* [THE INPUT]
#####

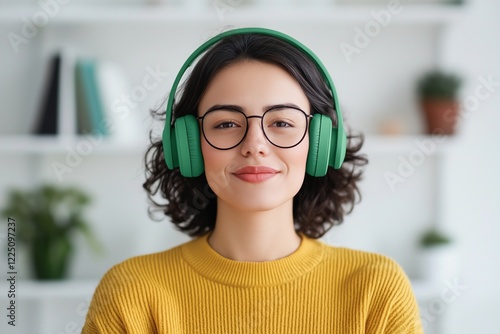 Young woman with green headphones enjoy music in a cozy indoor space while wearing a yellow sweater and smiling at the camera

#####

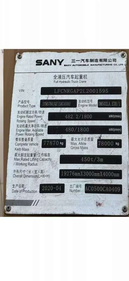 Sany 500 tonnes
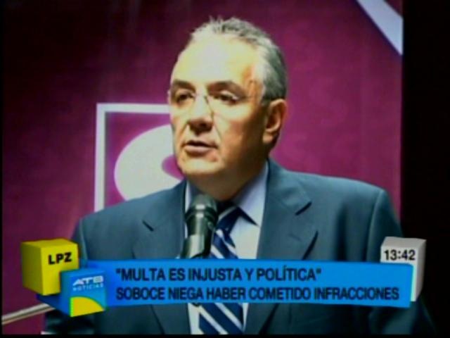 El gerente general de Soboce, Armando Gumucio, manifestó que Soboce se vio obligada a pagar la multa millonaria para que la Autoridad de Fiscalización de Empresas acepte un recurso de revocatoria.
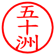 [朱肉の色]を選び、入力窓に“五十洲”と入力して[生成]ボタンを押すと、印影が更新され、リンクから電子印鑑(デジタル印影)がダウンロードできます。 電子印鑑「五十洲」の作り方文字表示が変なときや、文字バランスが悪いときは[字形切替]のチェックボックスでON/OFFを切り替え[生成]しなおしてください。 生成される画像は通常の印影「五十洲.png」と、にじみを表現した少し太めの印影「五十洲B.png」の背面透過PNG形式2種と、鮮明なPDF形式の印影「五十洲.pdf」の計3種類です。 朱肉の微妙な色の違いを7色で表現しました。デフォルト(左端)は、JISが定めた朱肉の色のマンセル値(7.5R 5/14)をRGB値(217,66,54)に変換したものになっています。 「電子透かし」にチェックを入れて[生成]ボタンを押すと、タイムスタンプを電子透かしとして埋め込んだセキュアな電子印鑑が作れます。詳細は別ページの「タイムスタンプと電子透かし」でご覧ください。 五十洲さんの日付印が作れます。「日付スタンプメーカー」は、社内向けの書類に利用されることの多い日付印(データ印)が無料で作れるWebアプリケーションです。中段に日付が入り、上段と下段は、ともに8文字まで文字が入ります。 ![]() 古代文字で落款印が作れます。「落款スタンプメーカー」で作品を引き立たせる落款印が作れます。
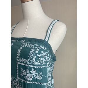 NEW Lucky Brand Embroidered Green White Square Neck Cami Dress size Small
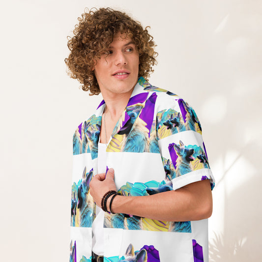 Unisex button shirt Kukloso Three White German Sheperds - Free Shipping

#####

* [WORK ORDER]
Would you output only the span of the records above that opens with the line containing "NEW Lucky Brand" and closes with the line containing "Unisex button shirt", ends included and pictures dropped?

* [RESULT OF THIS TASK]
 NEW Lucky Brand Embroidered Green White Square Neck Cami Dress size Small
 Unisex button shirt Kukloso Three White German Sheperds - Free Shipping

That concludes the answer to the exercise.